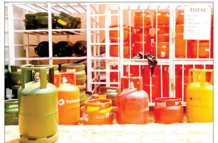
More Nigerian households have been turning to greener biofuels. PHOTO: AFP

Bioethanol gel releases far fewer harmful emissions into the atmosphere than traditional fuels. — AFP
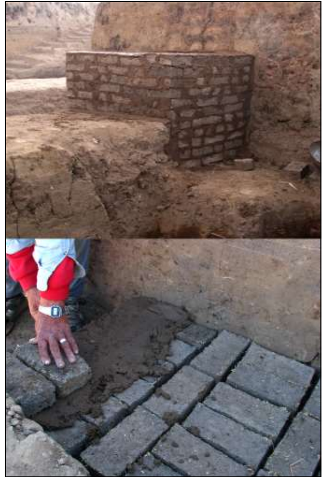
Figure 6: Construction of mudbrick wall as an addition to mastaba.

during production was much higher than we initially thought at the drying stage (from 24x12x6cm at the beginning to 22x10.5x5cm). The shrinkage continues later during seasoning. In general, mudbricks lose as much as one third of their volume when compared to the initial paste.
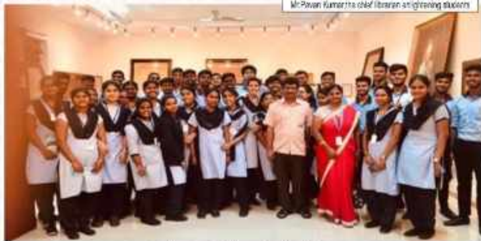
Students enlightened to visit library

Directions for this task
Drop the pictures and reproduce the rest of the data above exactly.

Solution to this problem
More Nigerian households have been turning to greener biofuels. PHOTO: AFP

Bioethanol gel releases far fewer harmful emissions into the atmosphere than traditional fuels. — AFP
Figure 6: Construction of mudbrick wall as an addition to mastaba.

during production was much higher than we initially thought at the drying stage (from 24x12x6cm at the beginning to 22x10.5x5cm). The shrinkage continues later during seasoning. In general, mudbricks lose as much as one third of their volume when compared to the initial paste.
Students enlightened to visit library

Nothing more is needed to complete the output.